Nor should you forget the income tax that will
be due unless that income is derived from tax-exempt
municipal bonds, Roth IRA withdrawals, or the
nontaxable portion of your Social Security benefit.
Don’t forget inflation.
Then you will have to factor in a presumed rate
of inflation throughout your retirement. Even
at today’s modest rates, inflation gradually
will boost the amount that you will need to
finance your intended lifestyle. Retiring today
at age 60, you may be looking forward to 30
or more years of retirement. Just 3% inflation
will reduce the purchasing power of your dollar
by 59 cents over the course of 30 years. The
capital that you have available to support your
retirement must produce income enough not just
to support you at the level of your needs for
the first year, but also to increase each year
to cover rising costs. The accompanying table
shows how long a nest egg can continue providing
a stream of income rising by 3% each year under
various earnings assumptions.
Ready?
The question is whether your resources will
support you through the retirement that you
envision with a comfortable margin of safety.

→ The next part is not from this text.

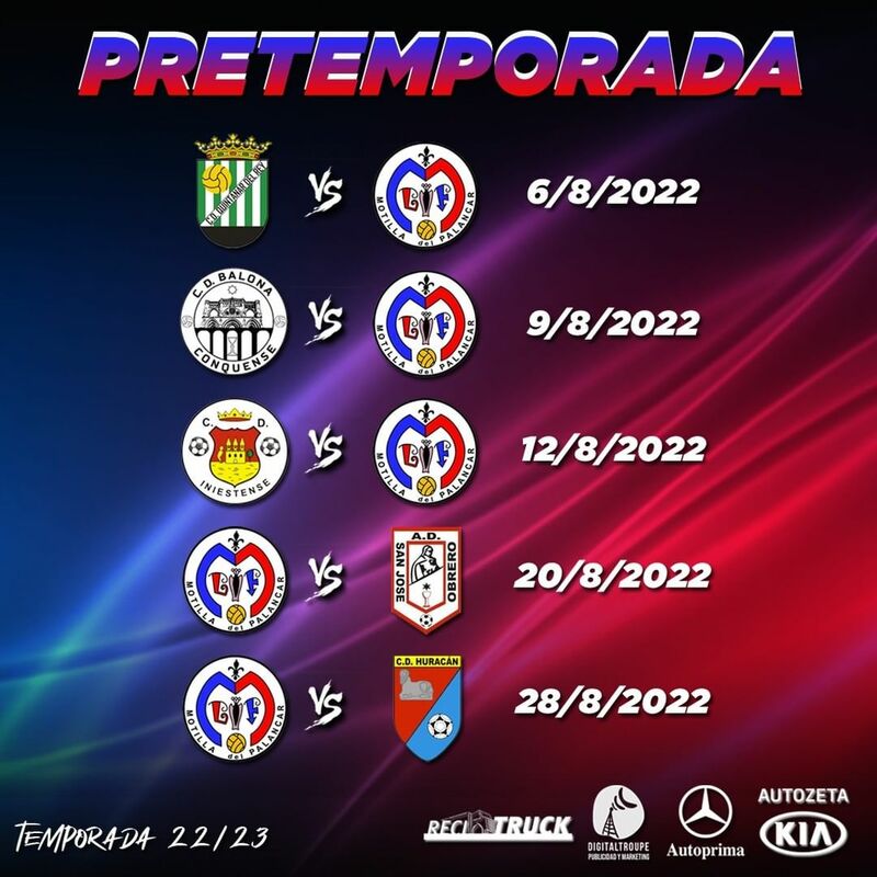 El Motilla C.F ha publicado los partidos de pretemporada 22/23 que disputarán durante el mes de Agosto ¡Apunta las fechas!
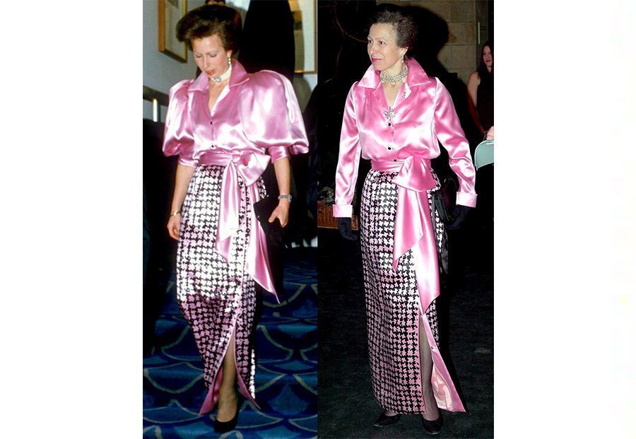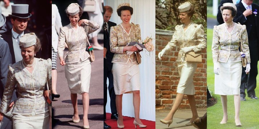 這款米色半身裙套裝搭配西裝外套和帽子,是安妮公主80年代和90年代衣櫥的要角。她不僅在1988年和1994年兩次穿戴它,出席皇家阿斯科特賽馬會(the Royal Ascot),在1995年5月和1997年7月的活動中也都穿著它。經過17年的休息,2014年6月18日,她再次穿著這套裙裝,出現在皇家阿斯科特賽馬會場。

It’s not rocket science, but the calculation
does call for a number of facts, suppositions
and estimates. You could crunch the numbers
yourself if you are handy with a spreadsheet
or use one of the retirement planning aids provided
in financial books and magazines, software programs
and Internet sites. On the other hand, if you
would like some help with the arithmetic, we
would, of course, be happy to provide it.

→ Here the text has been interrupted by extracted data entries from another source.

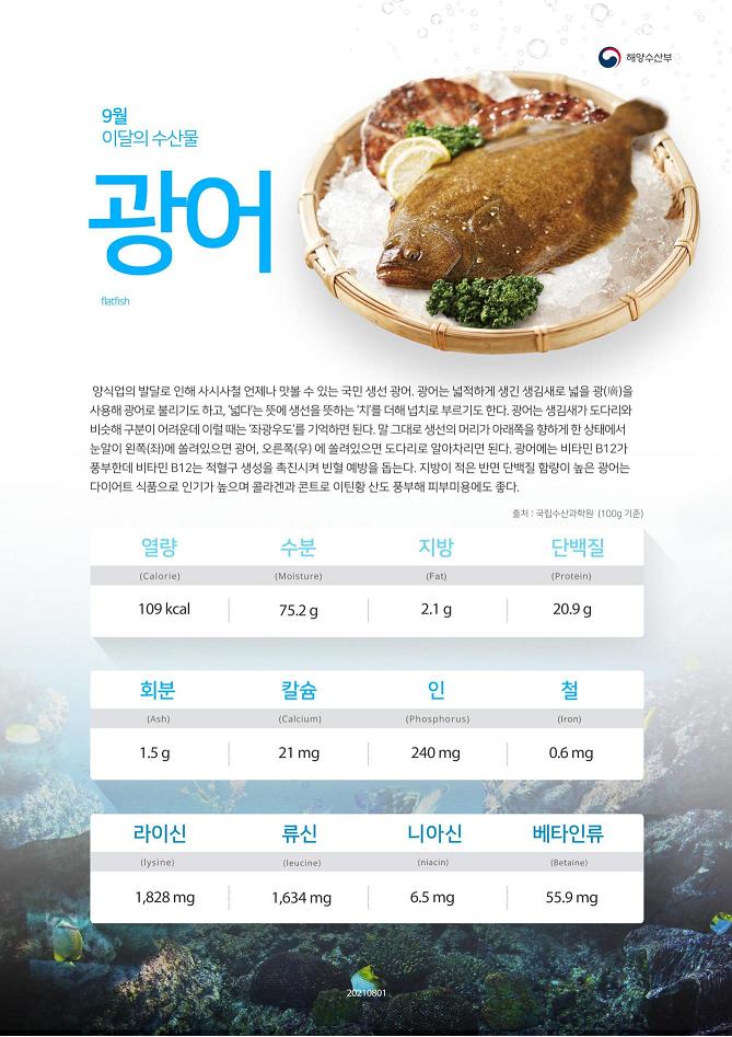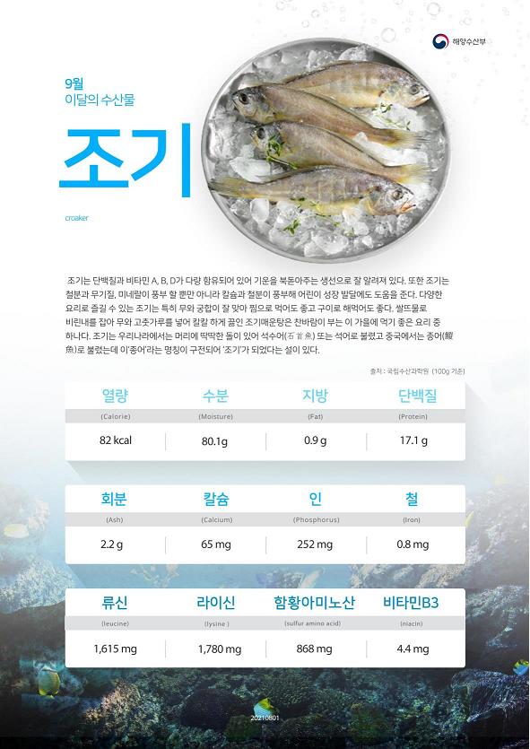 해양수산부(장관 문성혁)는 2021년 9월, 이달의 수산물로 조기와 광어를 선정하였습니다.
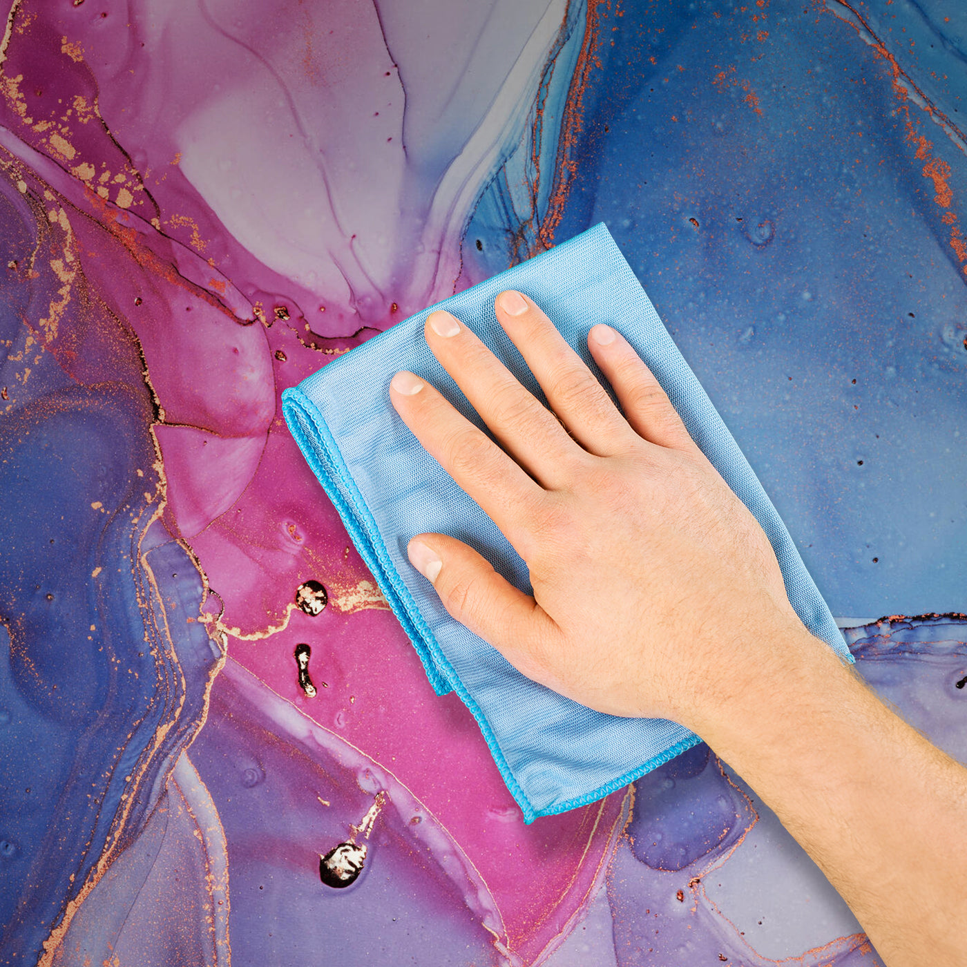 - Reinige eventuelle Verschmutzungen oder Kleberreste sofort mit einem feuchten Schwamm oder Tuch.
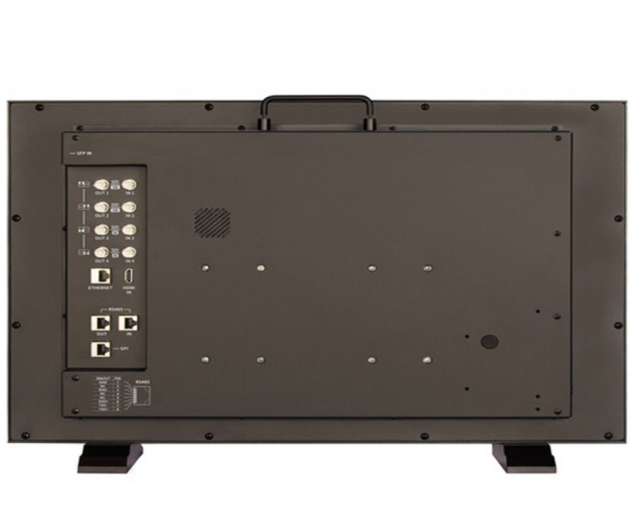 Las conexiones incluyen 4 entradas 12G/6G/3G/HD/SD-SDI y salidas en bucle que admiten 4K de enlace único, 4K de cuatro enlaces y 8K de cuatro enlaces (SQD o 2SI). También ofrece HDMI 2.0 (4K60p) y 12G-SDI opcional o ST2110 IP a través de módulos ópticos SFP. El monitor admite multivisión de 4 entradas mixtas independientes y proporciona para cada ventana forma de onda, vector, medidores de audio y selección de EOTF/gama.

Either way, you will start by toting up your
current and expected assets. Your current balances
in retirement accounts, as well as unsheltered
savings and investments that you do not intend
for more immediate use, form the basis of your
nest egg. Factor in your projected Social Security
and pension benefits. An expected inheritance
or a judgment due you can add to the total.
Home equity also can contribute if you intend
to move to a less expensive home.
With your projected expenses and available
resources, all that is needed to complete the
calculation are assumptions as to (1) the rate
of inflation, (2) the expected return on your
investments, and (3) the number of years that
you will spend in retirement. Because you cannot
be sure of any of these factors—or of tax rates
or the state of your health in the future—it
is prudent to be conservative in your estimates.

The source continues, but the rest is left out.